From Gambling to Homeland Security

Homeland Security panel at PC Forum "The In-Q-Tel representative, Gilman Louie, is talking a good line, arguing that government shouldn't have access to commercial data, that there is no advantage to throwing more and more and more marketing and other commercial data into an already overloaded analyst's queue.

Esther Dyson says that she doesn't believe that the "Chinese walls" that keep the Feds from digging through personal info are really all that effective.

Gilman Louie from In-Q-Tel says that the real problem is local law-enforcement, who use techniques like sorting all records for Arabic last names -- technology makes bad policy worse. Unless we beef up the audit and accountability side of the house, it will get very scary.

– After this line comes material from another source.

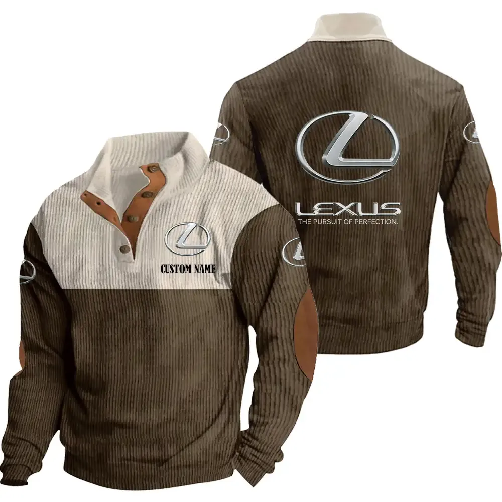 Lexus Stand Up Collar Base Shirt CAR20012107, CAR All Over Print Stand Up Collar Base Shirt - Brown

I just put my questions to the panel: How can you square investigating everyone with the Constitution? How can an algorithm's oracular pronouncement stand in for due process? Gilman Louie's response was very good. He said that he believed that profiling is the wrong answer to the wrong question, that it should be a tool that's applied after human judgement, not before. He compared profiling to the internment of Japanese-Americans and averred that profiling is a dangerous tool for racial or ideological discrimination."

ASIS cover Semantic Web

The Semantic Web "Feeling insecure about the Semantic Web? This issue will solve your problem."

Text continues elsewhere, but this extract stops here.